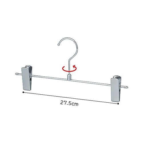 シンプルで使いやすいハンガーです。ボトムハンガーの写真内のサイズ表記はクリップ間の最大値です。フックは回転します。 |
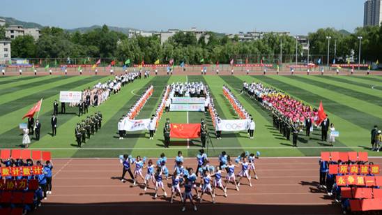 伴随着激昂的《运动员进行曲》,国旗护卫队、彩旗方队、花环方队,裁判员方队、各二级学院和教职工代表组成的15个方队依次入场,他们以昂扬的姿态,迈着整齐稳重、铿锵有力的步伐走过主席台。
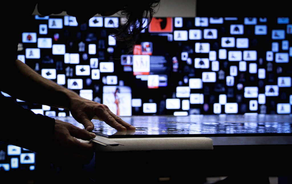 These days museums have large parts of their collection locked away in huge archives. The Fashion Museum of Antwerp (MoMu) transforms this problem in one of their strengths by digitally unlocking their hidden treasures to the public. The interactive wall was initiated by Studio Dos Santos. Lab101 set up a team to work on the concept, creative and technical challenges. To reach a large audience the wall was installed outside the museum which makes it accessible during closing hours. See all credits.
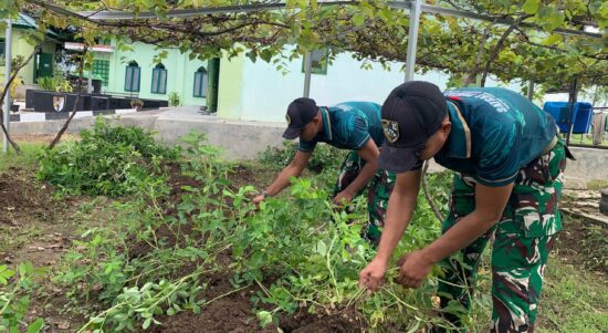 TTU – Satgas Pamtas RI–RDTL Sektor Timur Yonarmed 12 Kostrad melalui Pos Motaain melaksanakan kegiatan ketahanan pangan berupa panen kacang dari kebun
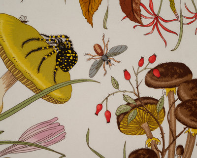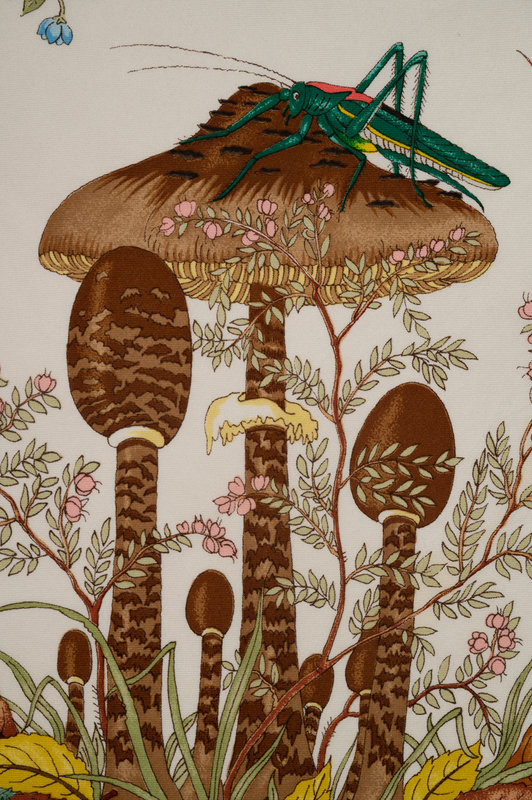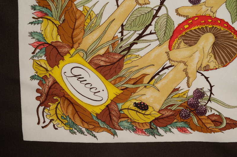 Gucci silk scarf with animals, plants and insects on white ground with brown border.
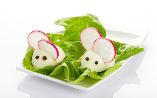 Ba mẹ có thể cùng bé trang trí món rau và hoa quả để nhìn trông thật bắt mắt với trẻ, như tạo hình thú cưng, các nhân vật hoạt hình để kích thích bé ăn nhiều rau hơn.
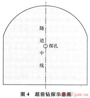 該方法屬于施工過程中的短距離地質(zhì)預(yù)報(bào)方法,需要采用超前鉆孔進(jìn)行驗(yàn)證。由于西氣東輸二線隧道斷面較小,沿掌子面打超前水平探孔1個(gè)。超前鉆探示意圖如圖4所示。
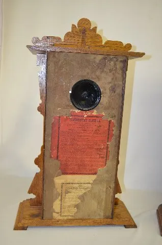 With a T&S movement; marked paper dials; a paper label on the back; the pendulum and key. Not tested. (The pendulum could not be hung.) 24" Tall...
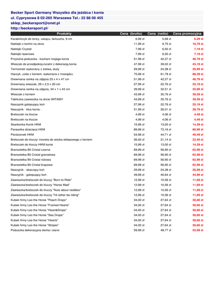 Becker Sport Germany Wszystko dla jeźdźca i konia ul. Cyprysowa 8 02-265 Warszawa Tel.: 22 88 00 455 [email protected] http://beckersport.pl/ Produkty Karabińczyk do lonży, uwiązu, łańcucha, 9 cm Cena (brutto) Cena (netto) Cena promocyjna 6,99 zł 5,68 zł 6,29 zł 11,99 zł 9,75 zł 10,79 zł Naklejki Crystal 7,99 zł 6,50 zł 7,19 zł Naklejki laserowe 7,99 zł 6,50 zł 7,19 zł Przytulna poduszka - kocham mojego konia 51,99 zł 42,27 zł 46,79 zł Wieszak do przedpokoju/szatni z dekoracją konia 47,99 zł 39,02 zł 43,19 zł Termometr wykonany z żeliwa, duży 29,99 zł 24,38 zł 26,99 zł Haczyk, uzda z koniem, wykonana z mosiądzu 75,99 zł 61,78 zł 68,39 zł Drewniana ramka na zdjęcia 23 x 4 x 47 cm 51,99 zł 42,27 zł 46,79 zł Drewniany wieszak, 29 x 2,5 x 20 cm 27,99 zł 22,76 zł 25,19 zł Drewniana ramka na zdjęcia, 34 x 1 x 43 cm 39,99 zł 32,51 zł 35,99 zł Wieszak z koniem 43,99 zł 35,76 zł 39,59 zł Tabliczka zawieszka na drzwi WITAMY 43,99 zł 35,76 zł 39,59 zł Naszyjnik galopujący koń 27,99 zł 22,76 zł 25,19 zł Naszyjnik - kłus konia - 31,99 zł 26,01 zł 28,79 zł 4,99 zł 4,06 zł 4,49 zł Naklejki z końmi na okno Breloczek na klucze Breloczek na klucze 4,99 zł 4,06 zł 4,49 zł Skarbonka Konik HKM 15,99 zł 13,00 zł 14,39 zł Parasolka dziecięca HKM 89,99 zł 73,16 zł 80,99 zł Pierścionek HKM 54,99 zł 44,71 zł 49,49 zł Breloczek do kluczy/ moneta do wózka sklepowego z koniem 26,00 zł 21,14 zł 23,40 zł Breloczek do kluczy HKM konie 15,99 zł 13,00 zł 14,39 zł Bransoletka Bit Cristal czarna 69,99 zł 56,90 zł 62,99 zł Bransoletka Bit Cristal granatowa 69,99 zł 56,90 zł 62,99 zł Bransoletka Bit Cristal różowa 69,99 zł 56,90 zł 62,99 zł Bransoletka Bit Cristal brązowa 69,99 zł 56,90 zł 62,99 zł Naszyjnik - skaczący koń 29,99 zł 24,38 zł 26,99 zł Naszyjnik - galopujący koń 49,99 zł 40,64 zł 44,99 zł Zawieszka/breloczek do kluczy "Born to Ride" 12,99 zł 10,56 zł 11,69 zł Zawieszka/breloczek do kluczy "Horse Mad" 12,99 zł 10,56 zł 11,69 zł Zawieszka/breloczek do kluczy "Nuts about neddies" 12,99 zł 10,56 zł 11,69 zł Zawieszka/breloczek do kluczy "I'd rather be riding" 12,99 zł 10,56 zł 11,69 zł Kubek firmy Leo the Horse "Peach Drops" 34,00 zł 27,64 zł 30,60 zł Kubek firmy Leo the Horse "Framed Hearts" 34,00 zł 27,64 zł 30,60 zł Kubek firmy Leo the Horse "Heart&Drops" 34,00 zł 27,64 zł 30,60 zł Kubek firmy Leo the Horse "Sea Drops" 34,00 zł 27,64 zł 30,60 zł Kubek firmy Leo the Horse "Hearts" 34,00 zł 27,64 zł 30,60 zł Kubek firmy Leo the Horse "Stripes" 34,00 zł 27,64 zł 30,60 zł Poduszka dekoracyjna słoma i siano 59,99 zł 48,77 zł 53,99 zł

WORK TO BE COMPLETED
Could you set down, exactly as written, every line from the start of the records above through the line containing "TTU – Satgas", leaving the pictures out?

ANSWER
 シンプルで使いやすいハンガーです。ボトムハンガーの写真内のサイズ表記はクリップ間の最大値です。フックは回転します。 |
 伴随着激昂的《运动员进行曲》,国旗护卫队、彩旗方队、花环方队,裁判员方队、各二级学院和教职工代表组成的15个方队依次入场,他们以昂扬的姿态,迈着整齐稳重、铿锵有力的步伐走过主席台。
 These days museums have large parts of their collection locked away in huge archives. The Fashion Museum of Antwerp (MoMu) transforms this problem in one of their strengths by digitally unlocking their hidden treasures to the public. The interactive wall was initiated by Studio Dos Santos. Lab101 set up a team to work on the concept, creative and technical challenges. To reach a large audience the wall was installed outside the museum which makes it accessible during closing hours. See all credits.
 TTU – Satgas Pamtas RI–RDTL Sektor Timur Yonarmed 12 Kostrad melalui Pos Motaain melaksanakan kegiatan ketahanan pangan berupa panen kacang dari kebun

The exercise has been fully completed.